OFF THE BEACH AND INTO THE FIRE
Yet, at the same time the EFV program was slipping and sliding, its defense became wrapped up in hyperbole. It was as if the Corps’ very identity and survival was at stake from the rhetoric that surrounded the debate. Rather than contemplate a post-EFV future, defenders typically jumped straight to 11 on the volume scale. They would claim that a Corps without an EFV would be an extinct or, at the very least, a toothless force. “We’ll just pray that we don’t have to go into harm’s way in the next 10 years,” said retired Lt. Gen. Gregory Newbold (notable in that the EFV buy wasn’t planned to be completed until 2026), while defense industry consultant Loren Thompson sent out a series of fax and blog blasts that painted the blood of future Marine casualties on Gates’ hands, accusing him of “killing Marines.”

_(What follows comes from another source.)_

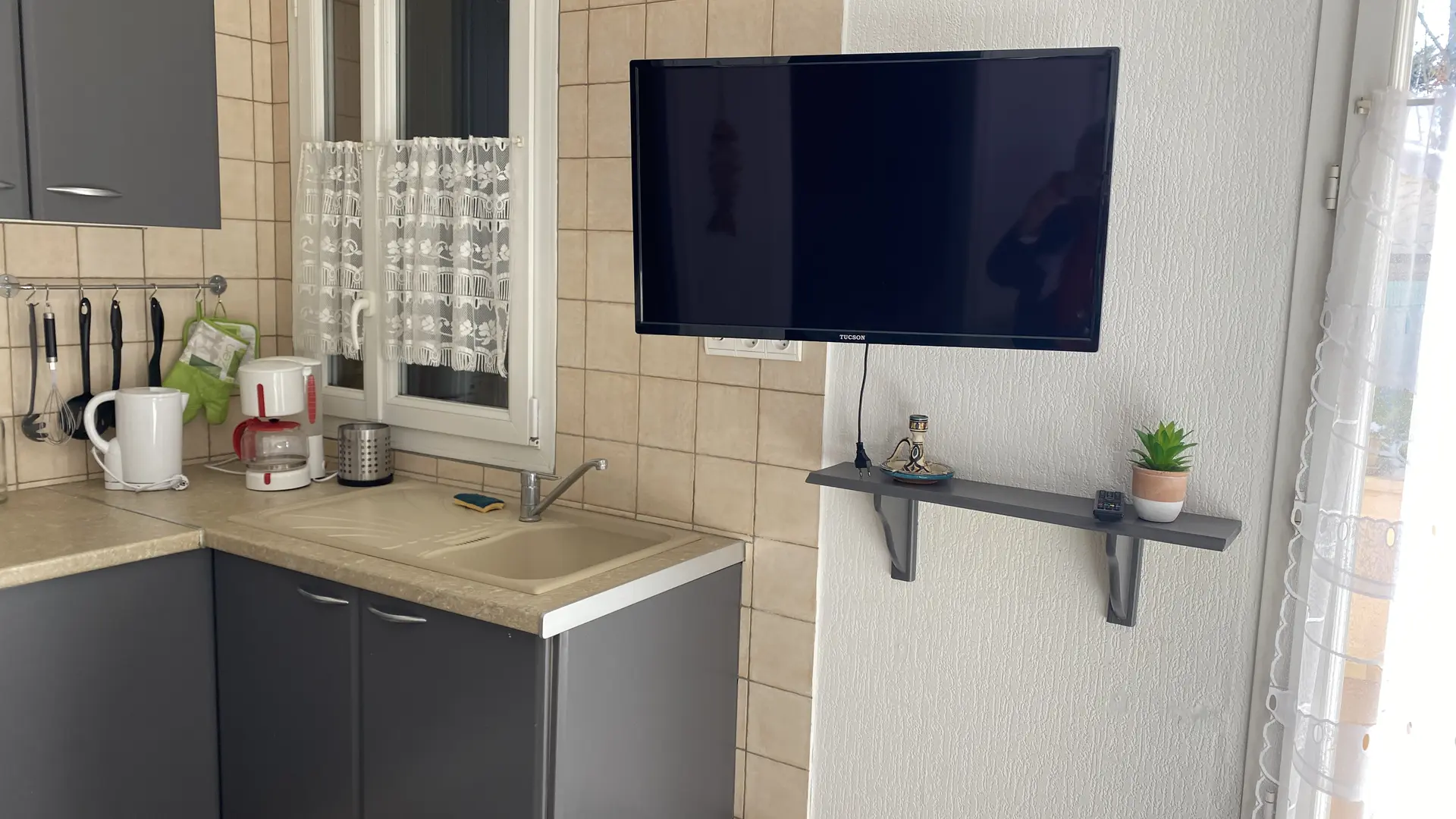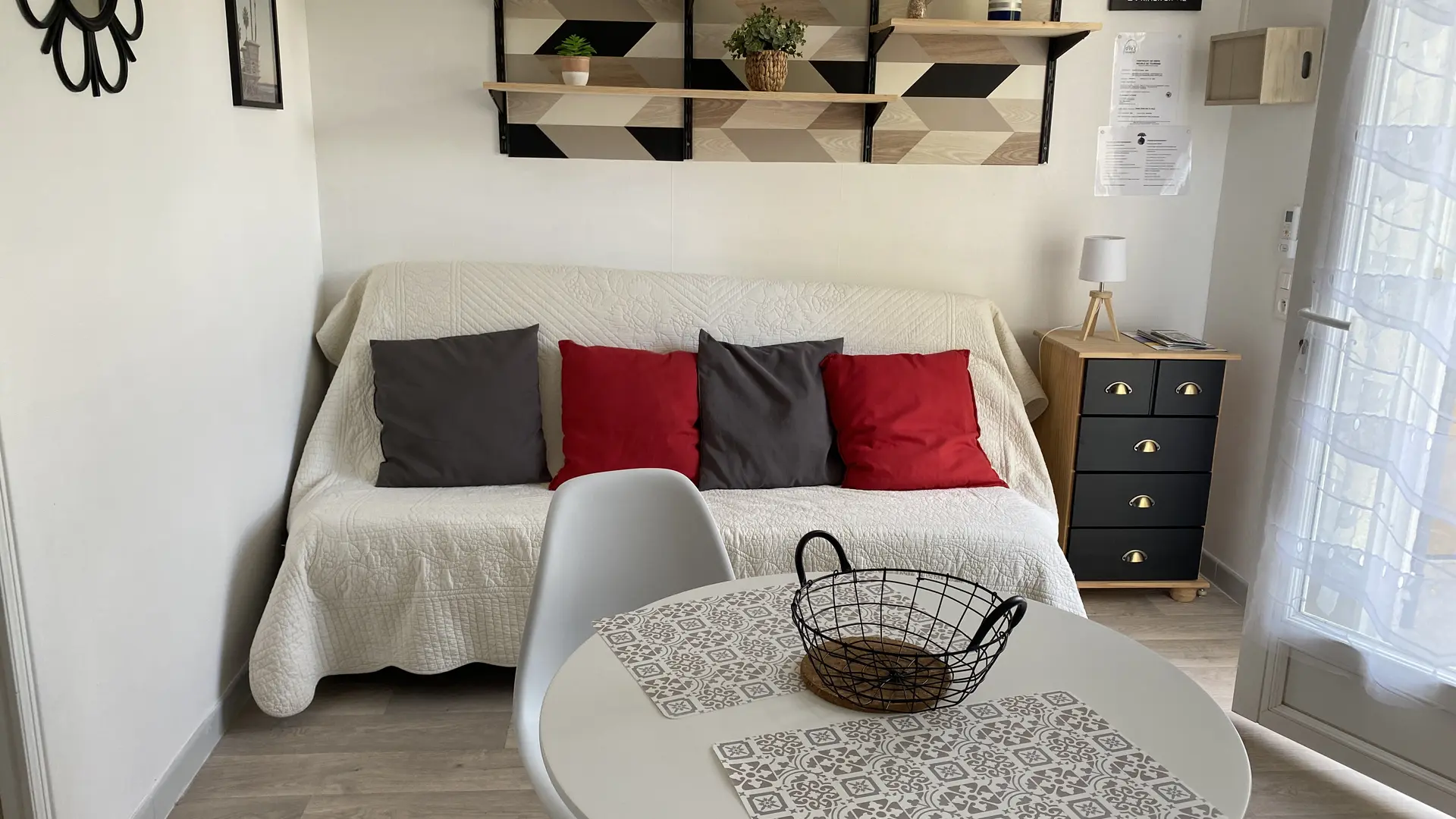 Les appartements, tout confort et refaits à neuf, sont tous de plein pieds avec terrasse, situés dans un havre de paix, avec climatisation. Ils se composent d'une chambre fermée avec 1 grand placard, une grande salle de bain avec douche, une cuisine équipée d'un grand four, une plaque vitrocéramique, un grand frigo-congélateur , une cafetière, grille pain, bouilloire, table et chaises, TV écran plat, un canapé convertible , une belle terrasse avec un salon de jardin.

But, after the decision was made, the storm passed and senior Marine leadership issued a series of statements that made clear they had recommended the cancellation because of the costs and doctrinal issues mentioned above and that the Corps and its capabilities were never in jeopardy.
CORE LESSONS
Three core lessons thus emerge from this episode. The first is that in many ways, the Marines’ normally effective power in public debate — the very thing that saved them when Truman made the egregious error of thinking to go after the Corps — worked against them here. The EFV’s flaws and costs have been well-known for almost a decade and it essentially has been a “dead program walking” since the 2008 Quadrennial Defense Review. But like a zombie kept alive by the best lobbying shop in existence, the program lumbered on, essentially awaiting Gates to amass the political power and moxie to finally go after it, long after he had ended the other services’ similar exquisite programs in the previous budget cycles. These years represent not just hundreds of millions of lost budget dollars, but also lost time in the still-needed effort to get Marines the effective and affordable systems to replace the venerable AAV-7.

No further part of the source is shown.